For brevity, the above example parses list_commits output inline. In practice, you should generate an output parser for it as well.

Saving Code Actions for Reuse

Once a code action works, it can be saved as a parameterized tool for later reuse:

User prompt

Save this as code action under github category with name commits_of_top_repos. 
Make username, top_n_repos and last_n_commits parameters.

A key design choice here is to separate interface from implementation. The interface is defined in a commits_of_top_repos.api module, the implementation in commits_of_top_repos.impl. The plugin's code action skill instructs the agent to follow this structure.

The API module defines a parameterized run() function, output types, and a tool description via a docstring:

commits_of_top_repos API

class CommitInfo(BaseModel):
    sha: str
    message: str
    url: str

class RepoCommits(BaseModel):
    name: str
    stars: int
    commits: list[CommitInfo]

def run(username: str, top_n_repos: int = 3, last_n_commits: int = 5) -> list[RepoCommits]:
    """Get latest commits from a user's top repositories by stars."""
    ...

During tool discovery, only the API needs inspection. The implementation stays hidden. This saves tokens during discovery and reduces distraction by keeping non-essential implementation details out of the agent's context.

New code actions can then import and reuse the saved tool directly:

Code action

from gentools.github.commits_of_top_repos import run

# Reuse the saved code action as a tool
results = run(username="torvalds", top_n_repos=3, last_n_commits=5)

Tool Discovery

As the number of MCP tool APIs and saved code actions grows, loading them all into the agent's context window upfront becomes impractical. Even a moderately sized tool collection can consume a large fraction of the available context, leaving less room for the actual task.
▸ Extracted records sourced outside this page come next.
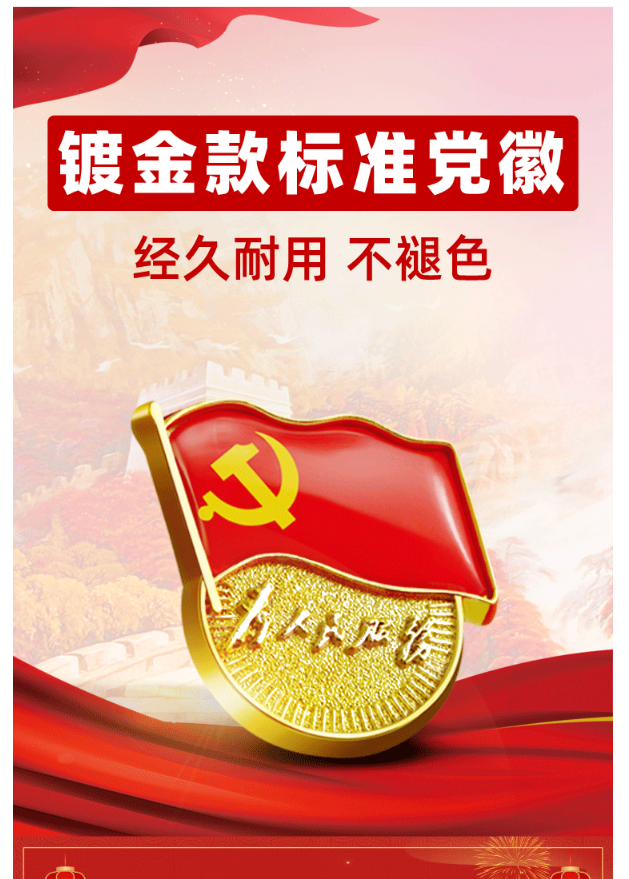 优和(UHOO)标准党徽胸章 别针磁扣蝴蝶扣为人民服务党员徽章 双磁扣(10个)装厚2mm 0244
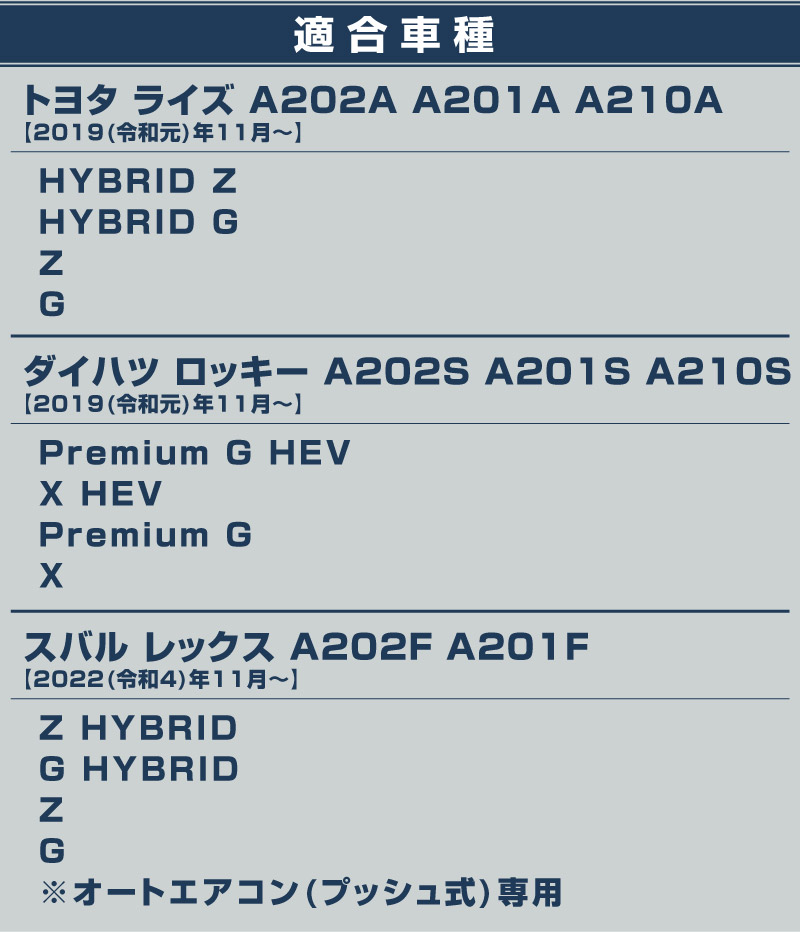 トヨタ ライズ・ダイハツ ロッキー・スバル レックス共通設計のエアコンスイッチパネルに装着するドレスアップパーツです。
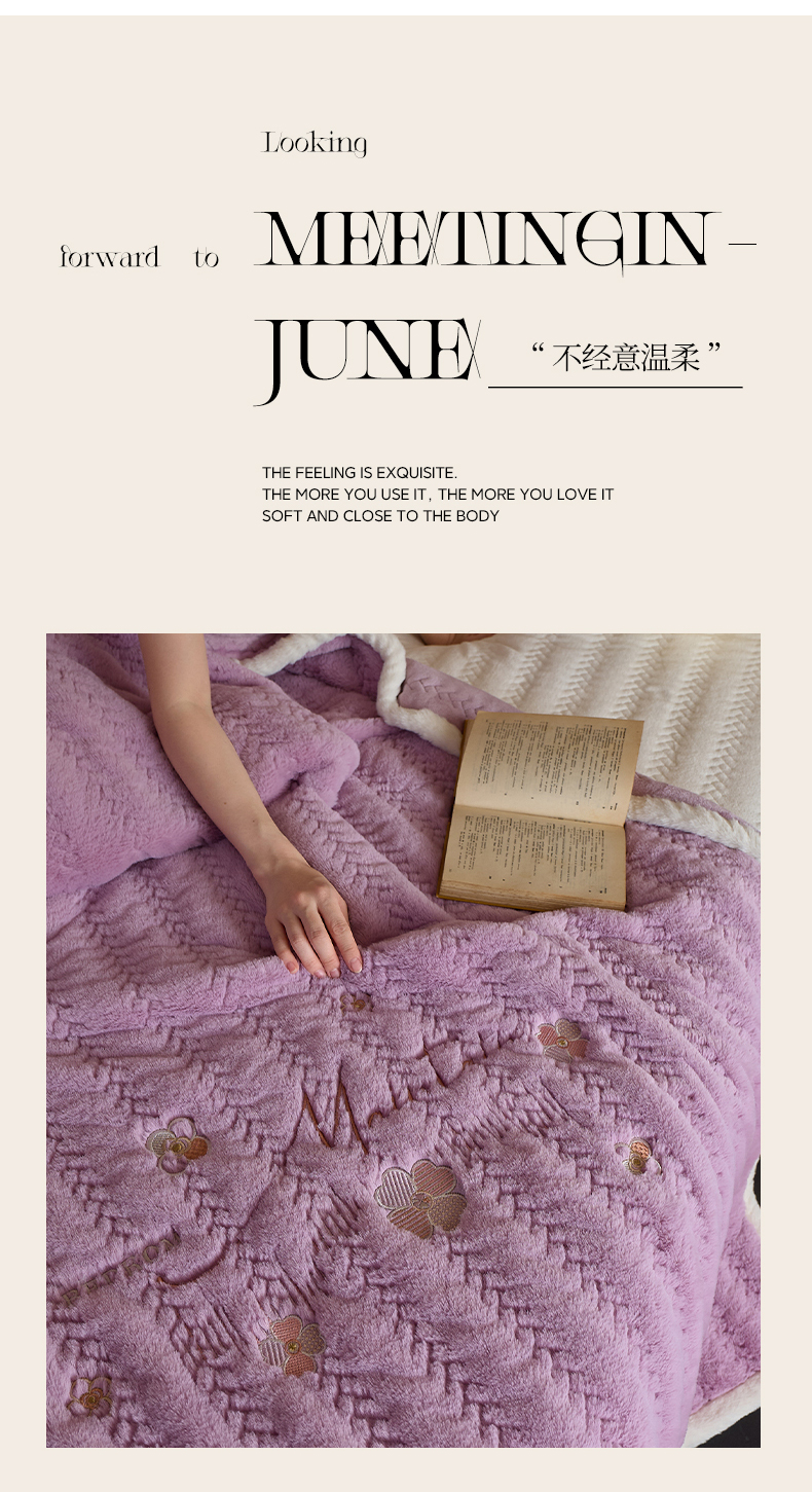 (总)鑫喜莱家纺 2025新款A版兔绒B版牛奶绒床盖绣花系列单件床褥垫软床垫床盖(三件套重量8.5斤),典雅-丁香紫,典雅-天兰,典雅-奶白,典雅-藕粉,包装

Progressive tool discovery addresses this by deferring tool loading until it is needed. Tools are organized in a package hierarchy on the filesystem that an agent can explore. When a task arrives, the agent searches the filesystem for relevant tools and inspects the APIs of promising candidates. This approach trades some discovery overhead for substantial context savings.

The plugin's discovery mechanism is intentionally simple. More sophisticated options are possible, such as hybrid vector and keyword search over tool descriptions, but filesystem-based discovery is a practical starting point. It can scale to hundreds of tools without introducing additional infrastructure dependencies.

Conclusion

Programmatic tool calling brings performance gains over JSON-based approaches, but it reaches its full potential when code actions become first-class tools. In a JSON-based approach, tools are static: defined at development time and immutable at runtime. With code actions as tools, an agent's tool library can evolve at runtime: tools can be added, modified, or composed based on what the agent learns while working. For efficient tool discovery and use, it is important to save code actions with typed interfaces separated from implementations. Agents can then inspect signatures and docstrings without loading implementation details.